Kant uses various locutions which all refer to God, the most important being the holy will. interpreters of Kant, however, frequently take the term holy will to refer to God simpliciter. Kant, however, does not require that only God might possess a holy will. medieval ethical theory also treats of a richer universe of rational natures than is seen as a rule in more recent treatments. in addition to fallible sublunary humans and God, medieval writers consider our first parents before the fall, the evil angels before and after the fall, the good angels before and after their confirmation, and human beings after their death, both elect and damned.

in such a richer universe of rational natures, it becomes harder to make easy generalizations. angels before the fall are fallible, but do not possess bodies. good angels after their confirmation, and the elect saints in heaven, are all incorruptible. the elect saints in heaven do not possess bodies yet, but then later at the resurrection of all the dead, they will, as will the damned.

most interpreters of Kant do not consider these additional possibilities. Allen Wood glosses holy beings and holy will as the divine will (Kant's ethical thought, 26f). indeed, it is entirely common to view Kant's treatments of a holy will as simple locutions for God. but his actual writing is considerably more careful: Kant explicitly leaves open the possibility of non-divine holy wills: for the divine will, and in general for a holy will (groundwork, 414). most telling, we have a brief discussion of finite holy beings (metaphysics of morals, 383).

the origins of this complex array of beings is not to be found in philosophy, of course. but it was central to medieval writers to find an ethical theory which could articulate for each of these different beings what its distinctive position would be, regarding terms like freedom and choice.
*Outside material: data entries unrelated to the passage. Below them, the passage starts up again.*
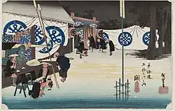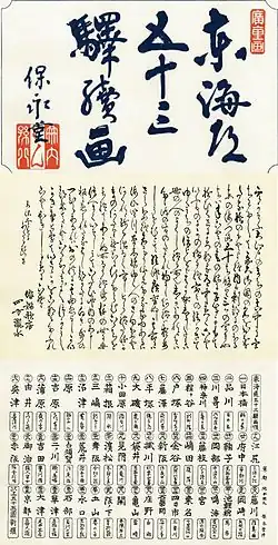 - ↑ Die zuerst veröffentlichten elf Drucke der gemeinsamen Herausgeberschaft der beiden Verleger waren: Nihonbashi 01, Shinagawa 02, Kawasaki 03, Hodogaya 05, Totsuka 06, Hiratsuka 08, Okitsu 18, Mariko 21, Fujieda 23, Nissaka 26 und Fukuroi 28. Der von Tsuruya Kiemon alleine herausgegebene Druck ist Okabe 22.
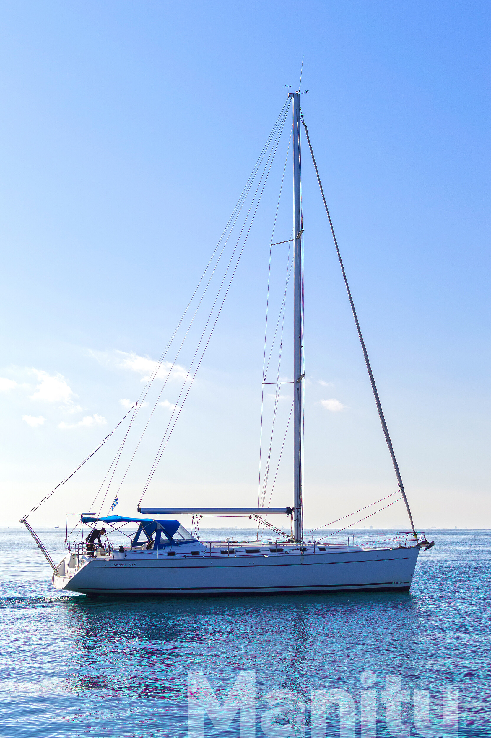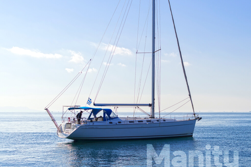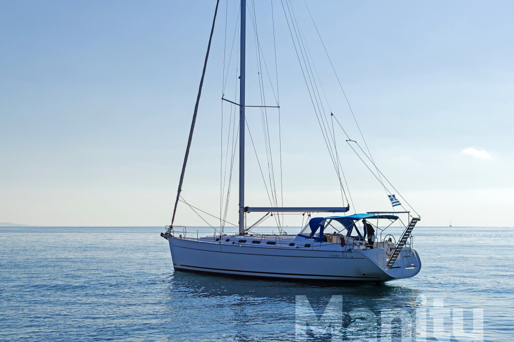 Segelyacht Cyclades 50.5 Manitu, Baujahr 2008, liegt im Athens, Alimos marina, Peloponnes, Griechenland vor Anker. Es verfügt über 5 + 1 Kabinen und bietet Platz für 10 + 1 Personen mit 3 + 1 Toiletten. Bettwäsche und Küchenausstattung sind im Preis inbegriffen.
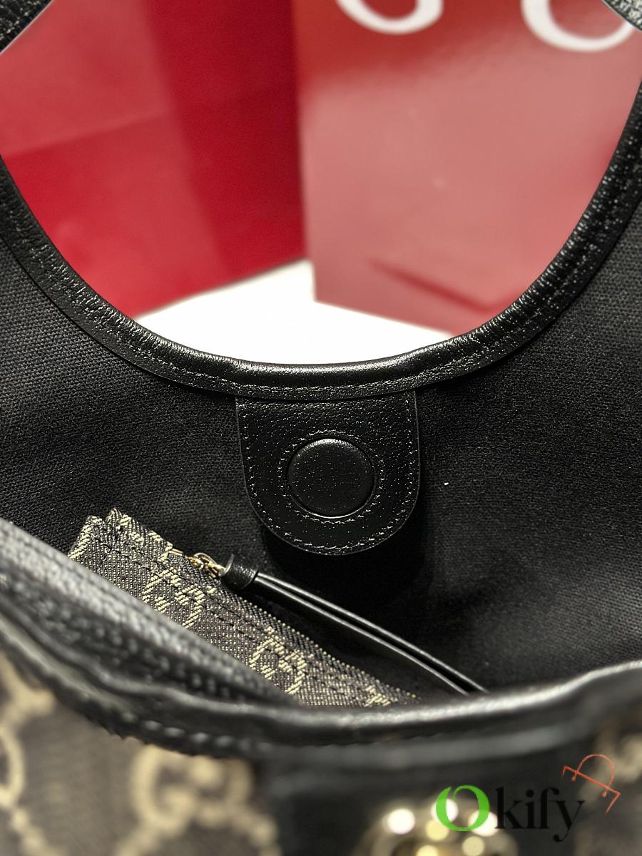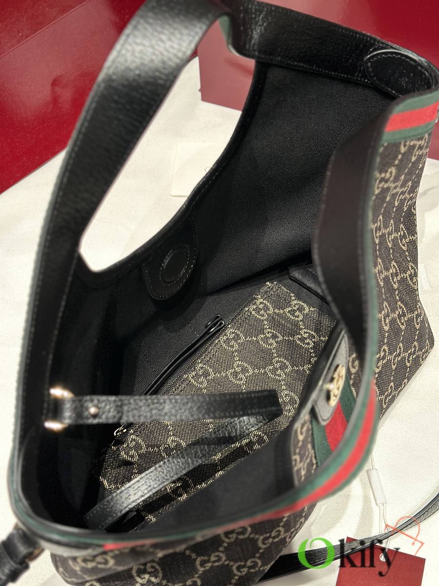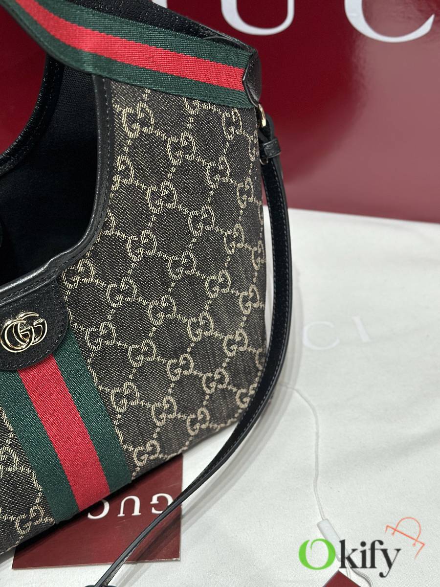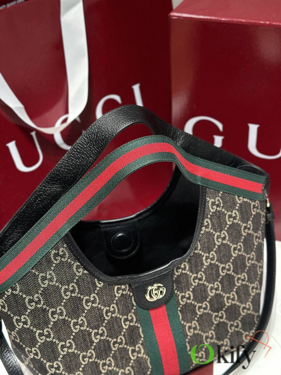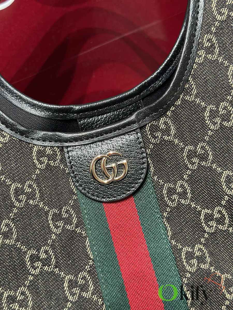 The GG series introduces a smaller version. This tote bag was showcased at the brand's 2026 Cruise Collection fashion show in Florence, paying homage to the brand's Italian roots and highlighting its spirit of heritage and innovation. The spacious design is crafted from GG canvas with webbing trim and includes a detachable clutch for added style. Model 860845 Material: Apricot GG canvas, dark brown leather trim, red and green webbing details,
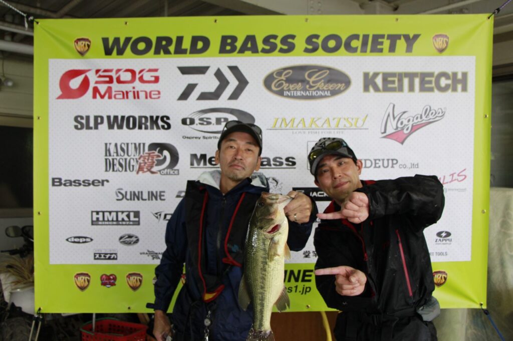 「下にくだるなかで、途中船が係留されている近くにアシがあり、そこに寄ってみました。カットテールのダウンショットをアシ際に落としてみたら、ロッドのティップが入って… それがいいサイズでした」と語る同チームでした。

Kant, by his deliberately expansive language, also leaves open the possibility of including within his terms a richer universe of beings than merely God on the one hand and we fallible humans on the other. it is my goal in this essay to explore the ways that certain medieval authors used such terms, and then to examine how closely they may be fit into a Kantian framework.

it should be noted that i acknowledge a deliberate attempt to stretch Kant, perhaps where he does not want to go. my goal is to see how far one can go, staying within a broadly Kantian framework, in understanding angels and saints, and to note how much textual support there actually is for such an enterprise.

we will find that not only did medieval authors consider it important to treat of and include consideration of the broader panoply of rational beings, but indeed it was a central feature of their work. for Kant, it is certainly secondary, but he does offer considerably more nuanced treatments than the usual quick glosses would suggest.

medieval ethics and God

the antecedent theological assertions about God, of interest in this essay, are twofold—that God is supremely free, and at the same time, incorruptible. theologians having asserted that God is in no way constrained, but also is in no way able to sin, it becomes the task of the more philosophically minded to articulate a notion of moral freedom and necessitation that can include both these propositions.

Anselm begins his dialogue on freedom of choice with this condition—that whatever the account of human free choice will be, it must not involve a definition of freedom which could not at once be applied to God [and] the angels who are not able to sin (freedom of choice, 1). he immediately adds that we must insist on a univocal notion of freedom; that it will not do to say that the free choice of God and of the good angels is different from ours.

this criterion thus constrains the notion of freedom—it cannot be the case that freedom necessarily includes the ability to do wrong. Anselm's ultimate conclusion is that freedom consists in the ability to keep uprightness-of-will for the sake of this uprightness itself (freedom of choice, 3). we have here a capacity account of freedom: freedom consists in the capacity to do or act in a certain way. not in the ability to make any choice whatsoever, but rather, in the ability to make a certain kind of choice—for Anselm, the choice to keep uprightness-of-will for its own sake.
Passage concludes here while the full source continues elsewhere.